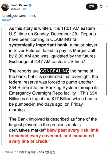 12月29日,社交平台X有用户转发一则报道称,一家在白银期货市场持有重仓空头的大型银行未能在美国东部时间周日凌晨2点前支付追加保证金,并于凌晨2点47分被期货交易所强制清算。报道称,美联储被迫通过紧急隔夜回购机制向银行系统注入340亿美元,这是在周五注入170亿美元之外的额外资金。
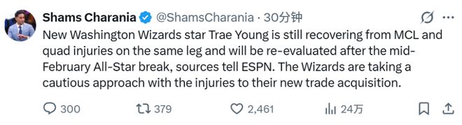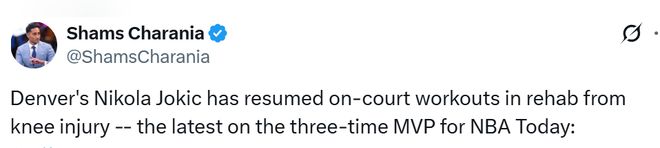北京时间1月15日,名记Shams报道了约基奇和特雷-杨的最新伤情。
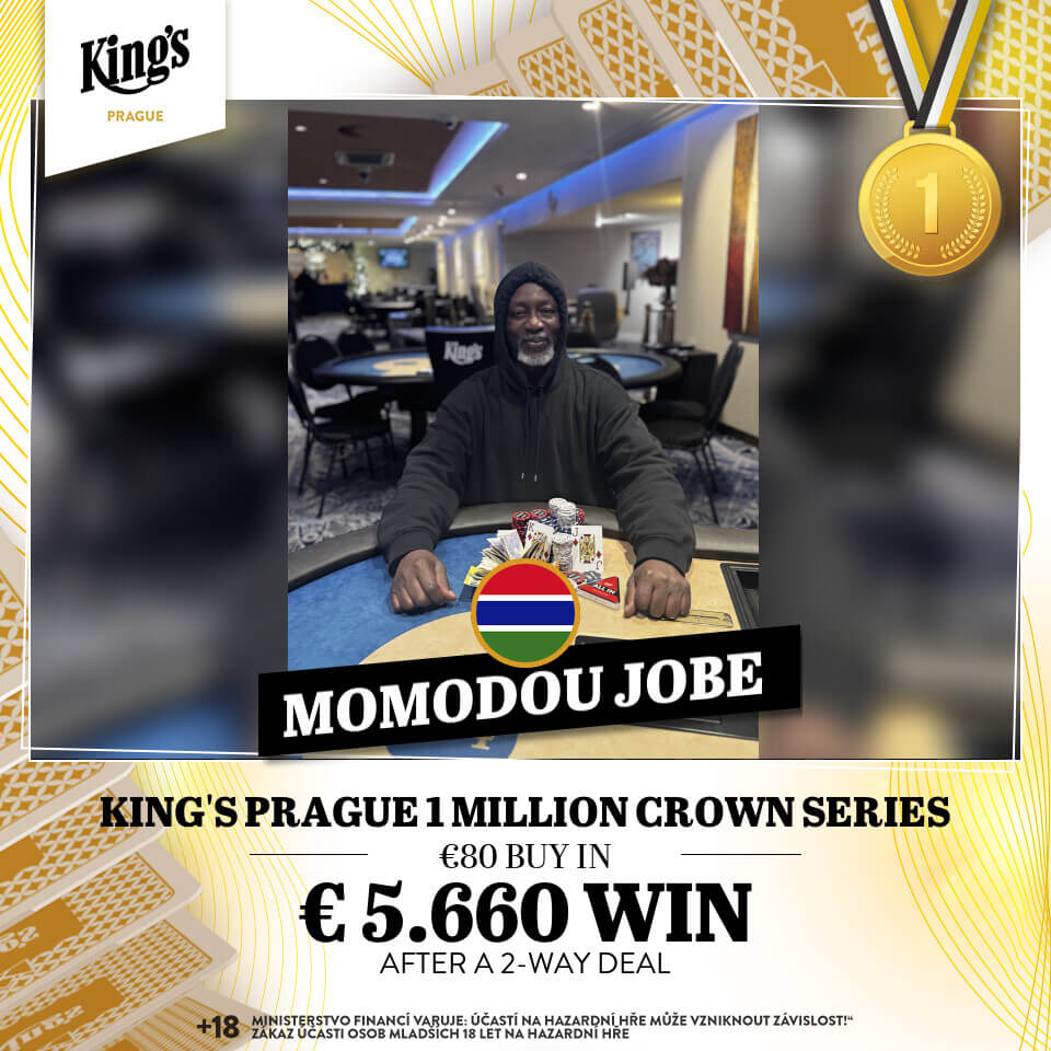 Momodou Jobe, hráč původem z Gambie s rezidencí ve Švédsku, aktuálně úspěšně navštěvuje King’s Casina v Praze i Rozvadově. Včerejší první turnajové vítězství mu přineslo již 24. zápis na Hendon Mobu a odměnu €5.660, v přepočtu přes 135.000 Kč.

=====

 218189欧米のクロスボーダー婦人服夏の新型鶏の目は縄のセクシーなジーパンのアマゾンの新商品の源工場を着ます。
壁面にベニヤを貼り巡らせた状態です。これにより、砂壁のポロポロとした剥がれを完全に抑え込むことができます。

=====

After locating the line with "218189欧米のクロスボー" in the material above, return it and each line after it exactly, ending at the line with "壁面にベニヤを貼り巡らせた状".

 218189欧米のクロスボーダー婦人服夏の新型鶏の目は縄のセクシーなジーパンのアマゾンの新商品の源工場を着ます。
壁面にベニヤを貼り巡らせた状態です。これにより、砂壁のポロポロとした剥がれを完全に抑え込むことができます。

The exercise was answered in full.